Read The Legend of Kareem Online
Authors: Jim Heskett
Edgar and Glenning shared an uncomfortable look. Maybe they thought I wouldn’t know I was being followed, but with everything that had happened to me over the last few weeks, why wouldn’t I assume I was always being followed?
“Okay, Tucker, I can get to the point, if that’s what you want,” Edgar said. “We understand your father recently passed away. He was in possession of some of my company’s information. Sensitive information. And I’m very interested to see if it has now passed into your possession.”
“What’s the information?”
Edgar didn’t even blink. “I’m not at liberty to discuss that.”

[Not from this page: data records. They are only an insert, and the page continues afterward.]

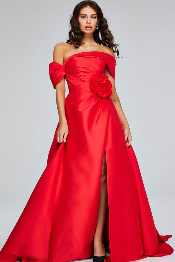 This glamorous ballgown features an elegant off-the-shoulder neckline and a flattering floor-length silhouette. Crafted from luxurious satin, the gown is adorned with a striking rosette detail at the waist and a chic high slit. Perfect for formal occasions, this eye-catching dress ensures you make a memorable entrance.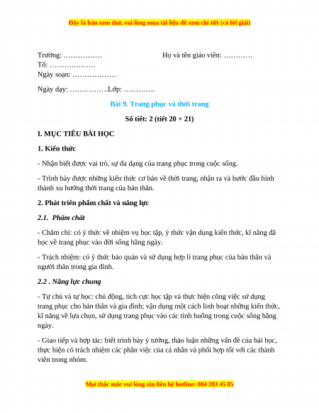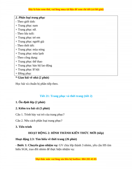 Tiết 21: Trang phục và thời trang (tiết 2)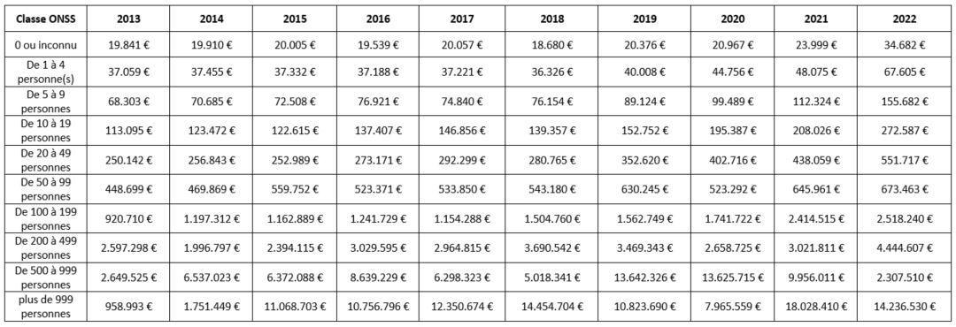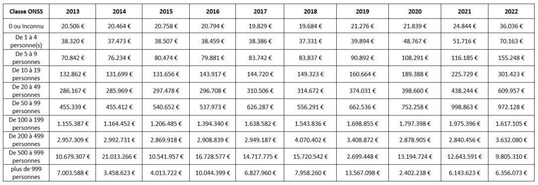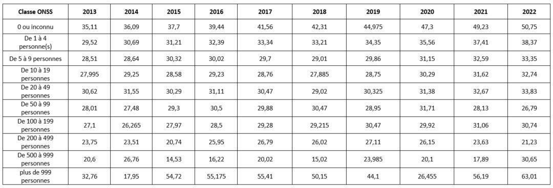 Le nombre d’entreprises étant assez restreint, il est un peu aventureux de tirer des conclusions définitives. Pour les catégories élevées, la volatilité semble importante. Mais le petit nombre d’entreprises par catégorie au-delà de 100 personnes rend l’interprétation aléatoire. Il n’empêche que les entreprises des deux plus grosses catégories ont une forte tendance globale à la baisse. Même la bonne année 2021 ne les ramène pas aux bons niveaux de 2016 à 2018.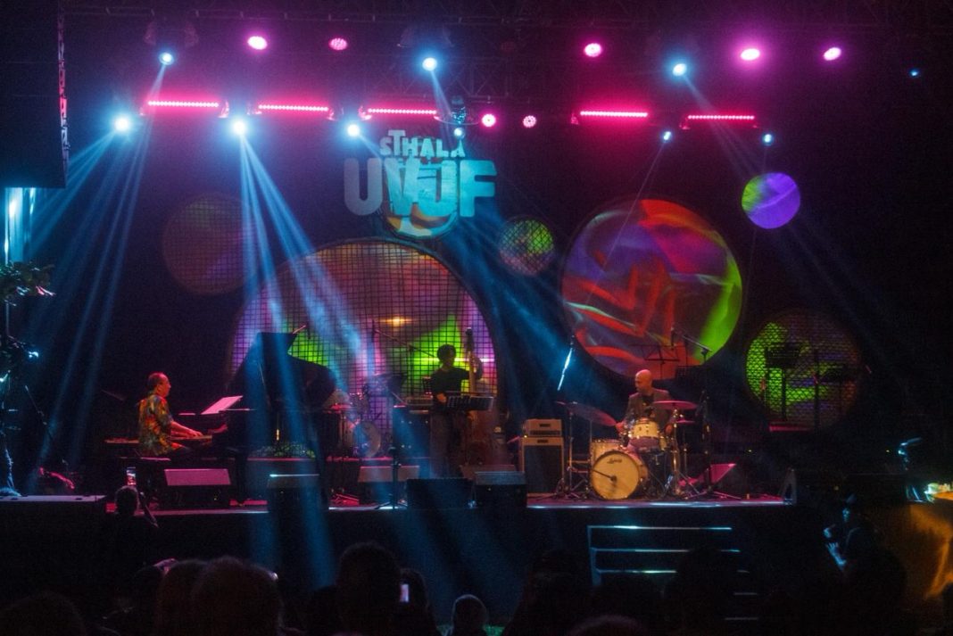 Tahun ini, tata panggung festival hanya menampilkan dua ruang utama: Giri Stage, panggung besar dengan dentuman big band dan harmoni berlapis, serta Subak Stage, yang terletak di tepi sungai, sebuah ruang kecil nan intim di mana suara musik berpadu dengan gemericik air, menciptakan pengalaman mendengarkan yang nyaris magis. Sthala UVJF 2025 tidak lagi tentang membagi massa ke banyak arah, melainkan mengajak semua penonton menyelam dalam musik, bersama, dalam satu napas kolektif.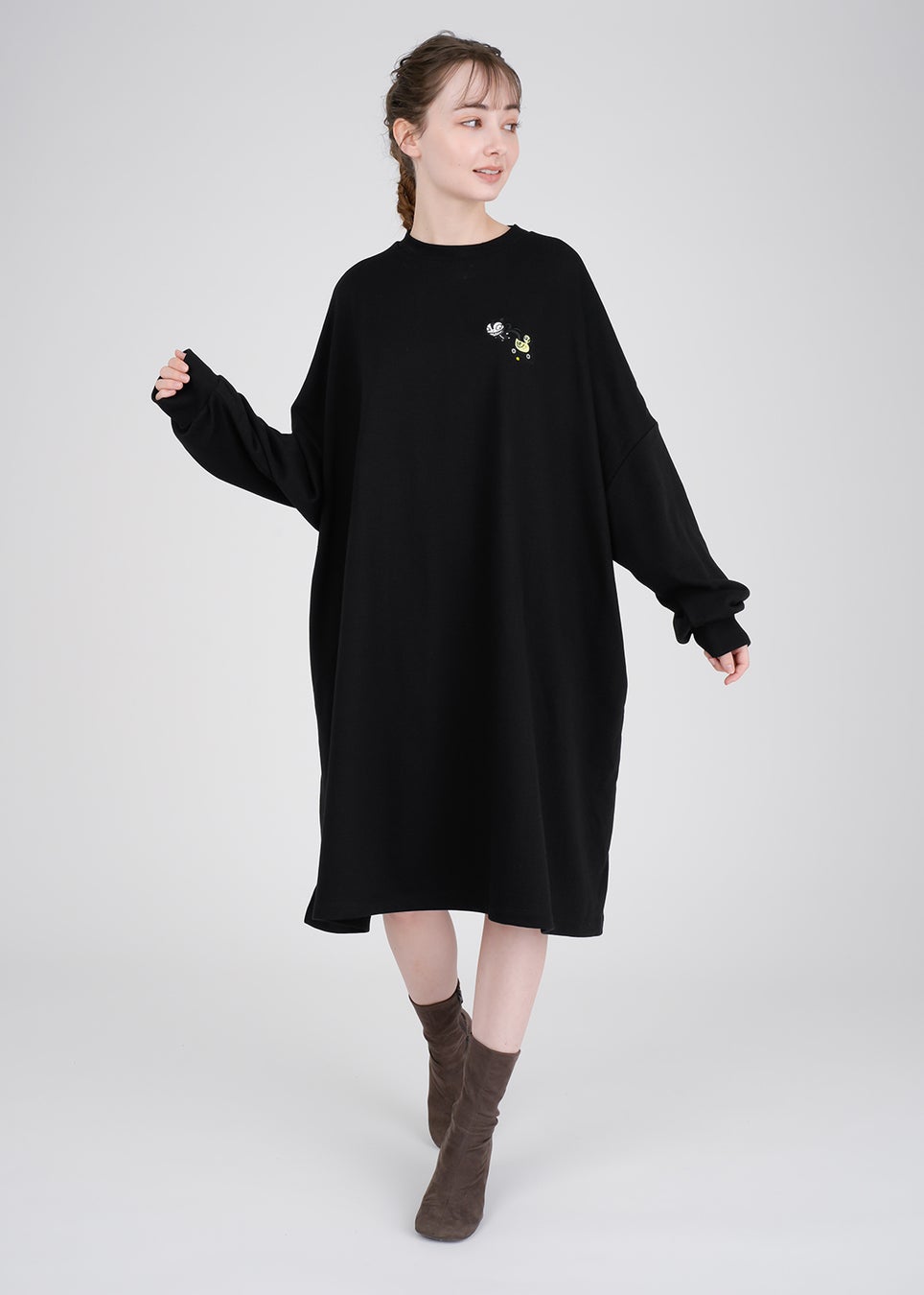 スウェット素材を使用したボリュームたっぷりのワンピースでサイドシームポケット付き。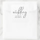 A simple wedding sticker design with minimalist appeal and modern styling, this design features the words "the wedding of" using an edgy contemporary handwritten type face paired with a crisp serif type face. A text template is included to personalise with the bride and groom's names. The look is chic with a congenial flair. These stickers are available in 2 sizes: 3-inch diameter and 1 1/2 inch diameter. Use on favours, gifts, or other wedding items for a custom look for your special day. Other matching items are available in this unique design.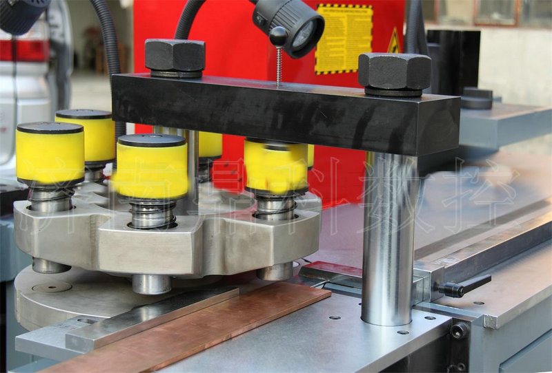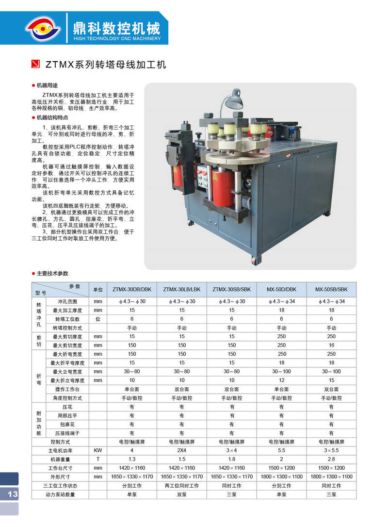 • 概述:???該機具有沖孔、剪斷、折彎三個加工單元,可分別或同時進行母線的沖、剪、折加工。機器通過更換模具可以完成工件的沖長腰孔、圓孔、扭麻花、折平彎、立彎、壓花、壓平、及壓接線端子的加工。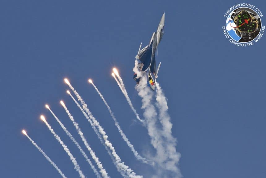 The F-16 MLU released several flares, aerial infrared countermeasures made of a composition based on hot-burning metal used to counter heat seeking air-to-air or surface-to-air missiles: flares generate temperatures equal to or hotter than engine exhaust attracting the missile’s seeker head.

“How am I supposed to tell you if I’ve got it or not, if you can’t tell me what it is? Do you see the disconnect there?”
Edgar stood, walked to the mirror hanging on the wall, and adjusted his tie. “What are you doing in Texas? Isn’t your wife at home, recovering from the incident?”
The mention of Grace sent a spike of heat down my back. I closed my eyes for a second, reminded myself to stay calm. He probably wanted me to get angry.
But I also didn’t have a good reason to explain why I was racing south across Texas. I said the first thing that popped into my head. “Tree. My dad’s will said he wanted a tree planted in his honor on Padre Island. So I’m on my way down there.”
He kept his face pointed at the mirror, started smoothing his hair against his scalp. “That’s quite noble of you. But why didn’t you fly?”
“I like to drive, not that it’s any of your damn business.”
He smiled at me. “You’re getting a little worked up. It’s not my intention to upset you, Tucker. I’m just trying to understand the situation.”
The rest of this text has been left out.